Here is the notebook for the 0.16 run; I'm having an oddly difficult time getting the 0.15 to process properly; I'll post that when I actually figure that out.

Oh, what version exactly were you using @spadavec?

0.16.2

@andrrizzi

If you run the the code as-is, you get the following error:

TypeError: unbound method read_thermodynamic_states() must be called with Reporter instance as first argument (got nothing instead)

Is the following supposed to be changed

reporter = Reporter(complex_nc_file_path, open_mode='r')
    system = Reporter.read_thermodynamic_states()[0].system

to

reporter = Reporter(complex_nc_file_path, open_mode='r')
    system = reporter.read_thermodynamic_states()[0].system

Even still, it will complain that system is a list and doesn't have a attribute system

andrrizzi commented 7 years ago

Ah, sorry, you're right. I've updated the function.

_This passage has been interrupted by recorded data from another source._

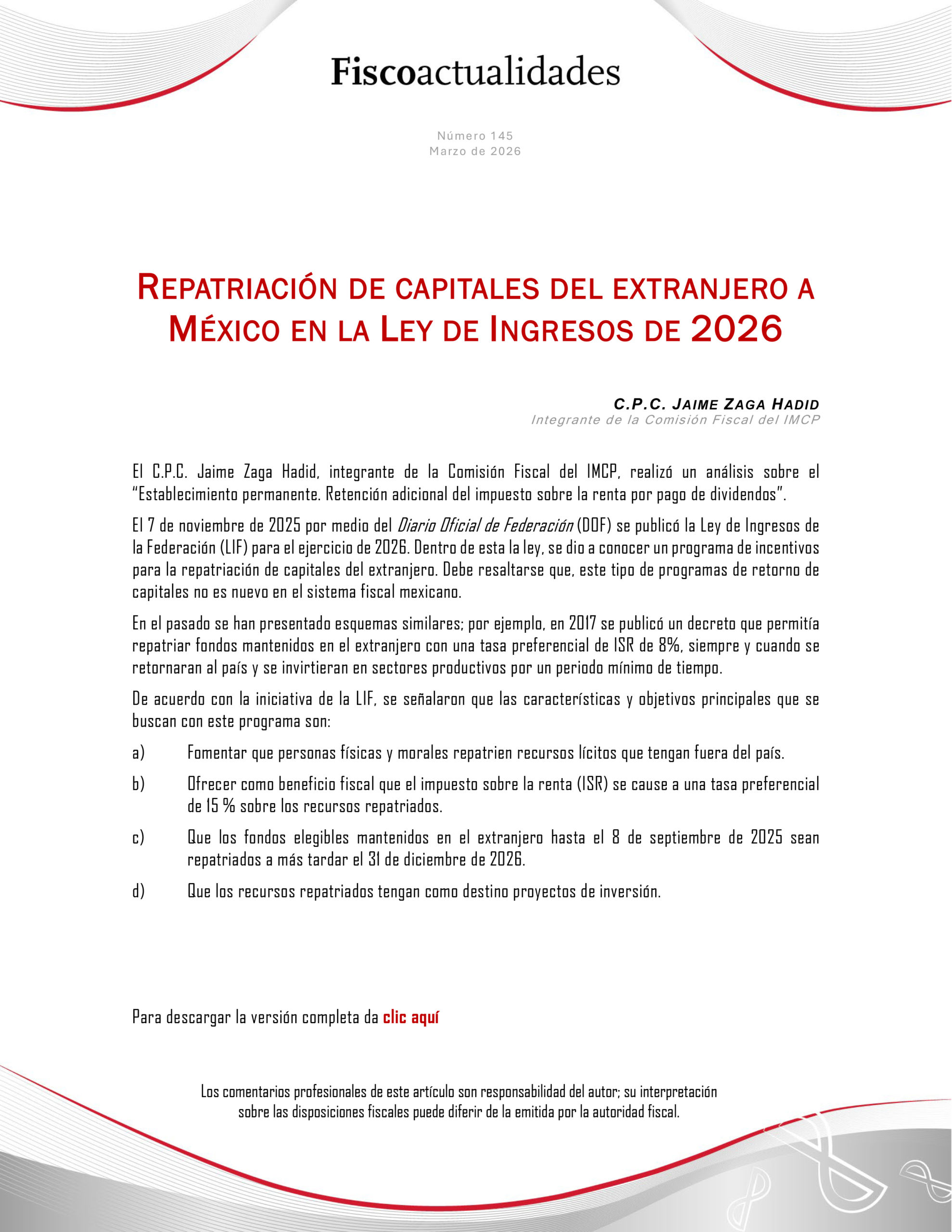 Fiscoactualidades_145 Repatriación de capitales del extranjero a México en la Ley de Ingresos de 2026
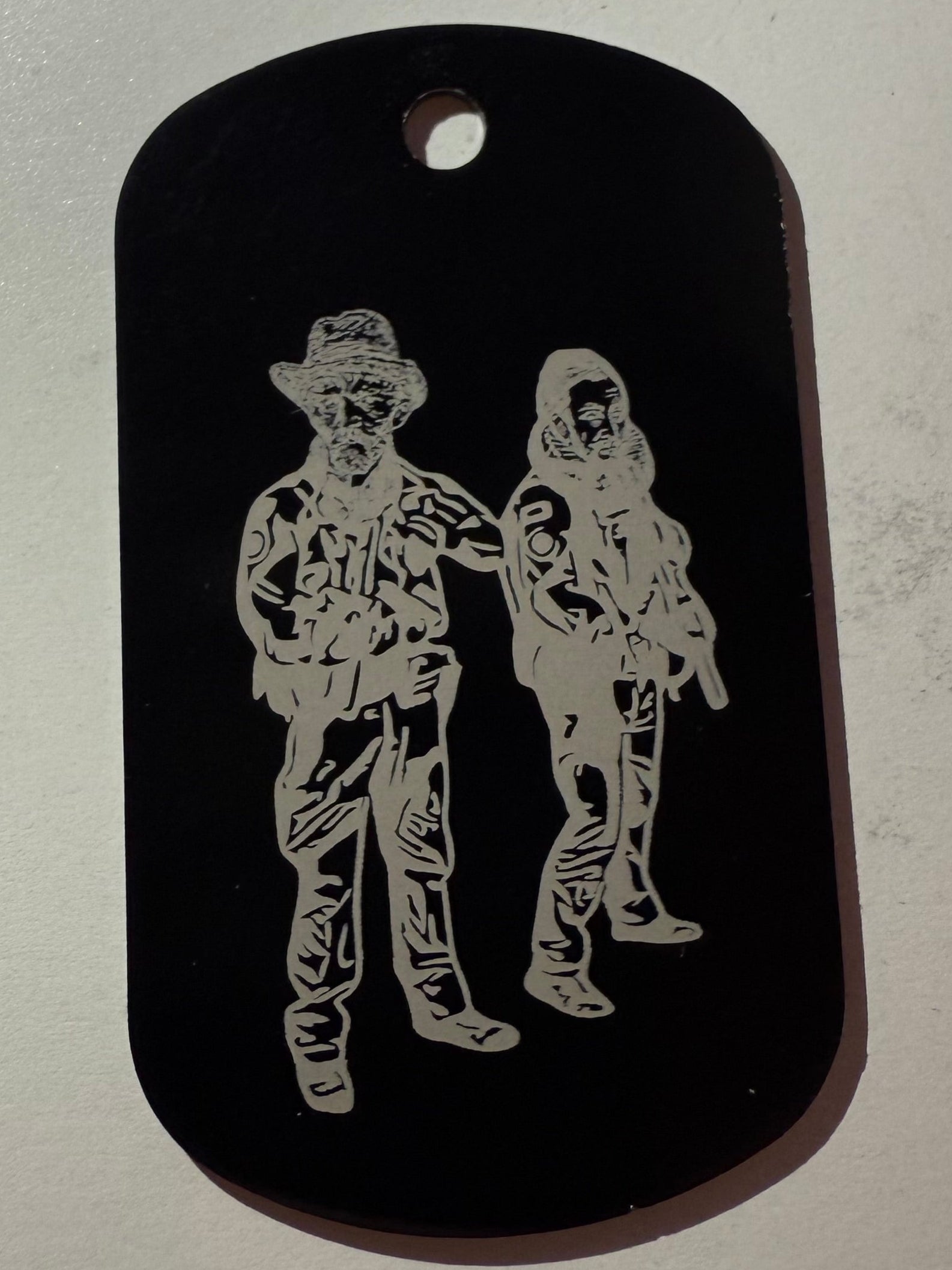 Met precisie gegraveerd op een zwart gecoate aluminium sleutelhanger, met een diode laser. Deze unieke uitvoering toont Van Gogh en Willem van Oranje als moderne operators ā klaar voor actie, met de blik vooruit en de erfenis van het verleden op hun schouders.
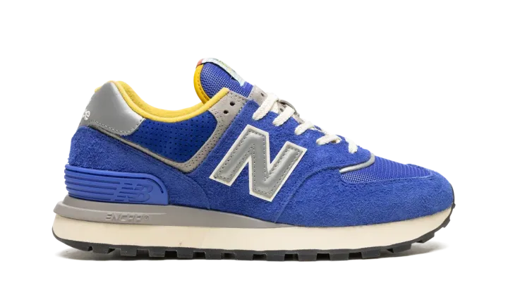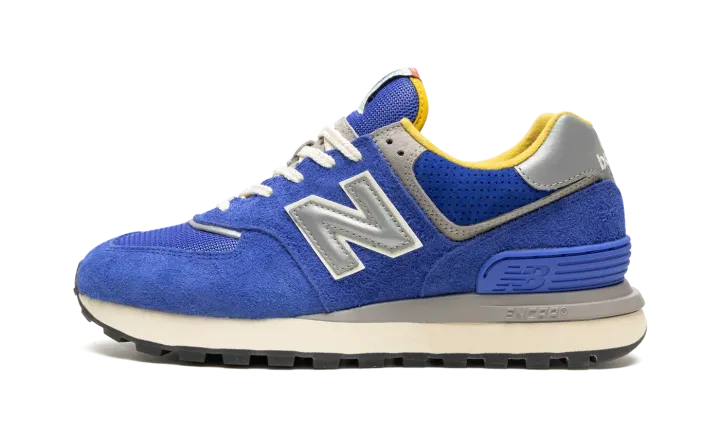 The Bodega x New Balance 574 Legacy "Blue" is a fun take on the classic running shoe by the Boston-based sneaker boutique. This premium edition of the classic 574 features a suede upper in bright blue along with perforated suede at the ankle collar and medial "N" logo. Reflective detailing is applied to the lateral "N" logo as well as the heel tab, and yellow adds more contrast at the inner lining. A special co-branded tongue tag completes the upper, while a semi-translucent black rubber outsole is found below. This blue colorway released in July 2022 along with a "reversed" yellow colorway.
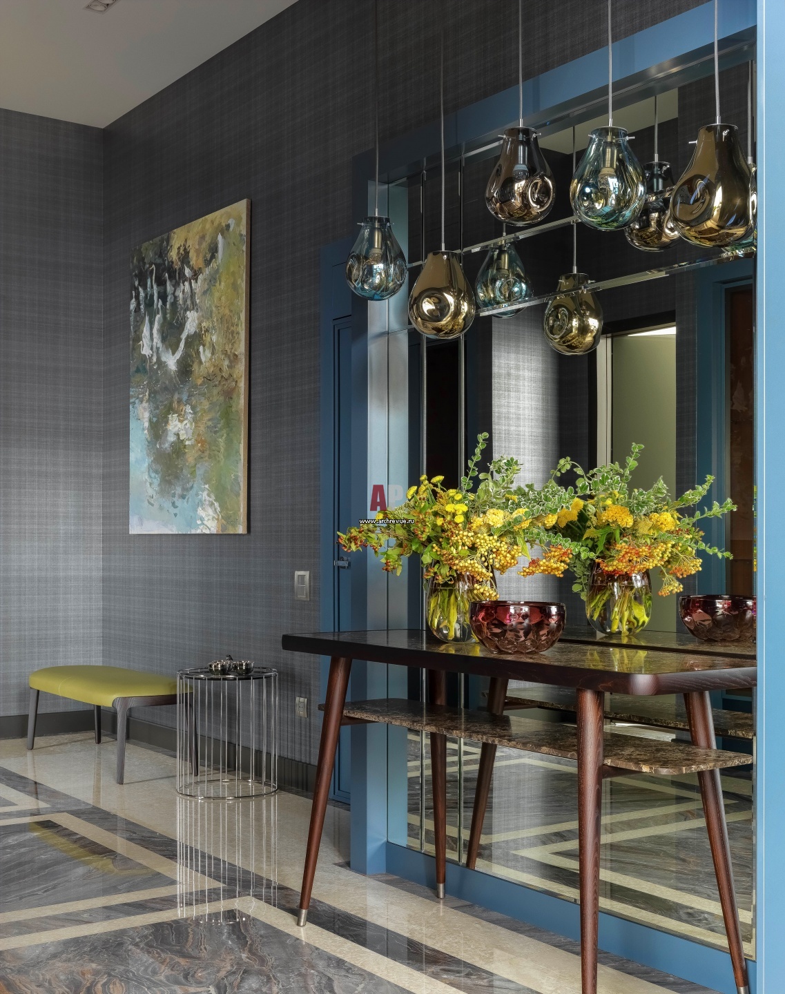 Семейный пентхаус в Краснодаре. Интерьер прихожей. Консоль, Porada, модель Chantal. Банкетка, Potocco, модель Velis. Столик, Minotti. Подвесные светильники, Bomma. Обои, Covers Wall Coverings, коллекция Textures Granule 02-Carbon.

andrrizzi commented 7 years ago

Another thing that changed recently that @Lnaden made me notice is that the default solvation model has become tip4pew rather than tip3p. If you want to reproduce the same calculation as before, you want to add to your solvent description:

solvents:
  PME:
    ...
    solvent_model: tip3p

although this should not make a big difference compared to the selection of the restrained atoms.

jchodera commented 7 years ago

Thanks for debugging this!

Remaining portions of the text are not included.